I do nothing on my own

5th Week of Lent: Readings
Fr. Philip Neri Powell, OP
SS. Domenico e Sisto, Roma

Imagine going to a dinner party and finding yourself seated next to a complete stranger. This stranger, impeccably polite, introduces himself by telling you his name, occupation, nationality, and religion. You, also flawlessly polite, respond by telling him that you are Sister Mary Margaret, a Catholic religious from Kenya, and that you are a high school principal studying for a teaching degree at the Angelicum in Rome. While you are speaking, the stranger nods. He makes all the polite noises of someone listening. He smiles. Imagine that at the end of your short introduction, he looks you squarely in the eye, and asks, “So, who are you?” How would you answer him? You might wonder if he was he was really listening. Maybe his English isn't all that great, and he misunderstood. Or he could be asking you a deeply philosophical, profoundly existential question about your purpose in life. You are confused. You have revealed all he needs to know, so why is he asking this bizarre question? Who are you?

Confronting the inquisitive Pharisees, Jesus finds himself (once again!) in this exact situation. He has told them all they need to know about who he is. He is telling them all they need to know about who he is. He says, “You belong to what is below, I belong to what is above. You belong to this world, but I do not belong to this world.” He tells them that he is “I AM.” He even tells them that if they do not believe that he is I AM they will die in their sins. Surely, the most educated men in the land, men deeply rooted in scripture, cannot have missed the reference to Moses and his encounter with God during which God Himself says, “I AM.” Yet, that is exactly what happens. They ask Jesus, “Who are you?” In answer, Jesus tells them that “'. . .the one who sent me is true, and what I heard from him I tell the world.'” 

Do they understand now? John writes, “They did not realize that he was speaking to them of the Father.” They did not realize. Are they hard of hearing? Linguistically disabled? Or is it that their hearts and minds are clouded by sin, their eyes and ears rendered useless by pride and fear? If what Jesus is saying is true, they have much to lose. In fact, they have everything they treasure in this world to lose! They cannot hear, cannot see because hearing and seeing the truth that Jesus lays before them, the truth that he has been laying before them from the beginning, this truth—that he is the Lord—destroys their world. Who wants to hear that in order to gain eternal life, you must lose your worldly life, forfeit everything you treasure in this world?

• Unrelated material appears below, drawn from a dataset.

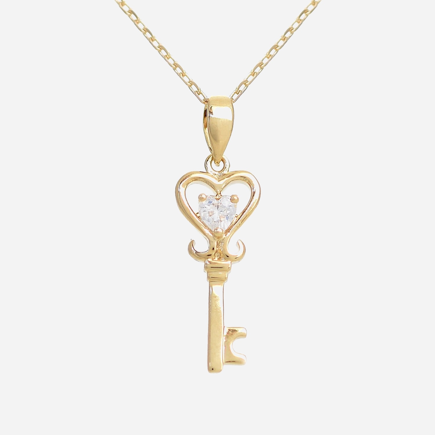 Collier clé coeur oxyde zirconium plaqué or : accès au cœur scintillant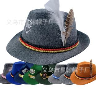 Oktoberfest Fieltro Gris Sombrero de Copa Pluma de Faisán Cordón Tricolor Alemán Sombrero de Festival Sombrero de Copa Comercio Exterior Amazon Transfronterizo

The stranger sitting next to you at dinner introduces himself as Christ Jesus, I AM, sent from the Father. You know that he is telling you the truth. After politely listening to you introduce yourself, Christ looks you squarely in the eyes and asks, “Who are you?” What do you say? If you have lost everything, surrendered all for his sake—name, status, purpose, heritage, pride, fear—given it all away, you should answer, “I am Christ too.” Then, with Christ, you can introduce yourself every time you are asked, “I do nothing on my own. . .The one who sent me is with me. He has not left me alone, because I always do what is pleasing to him.”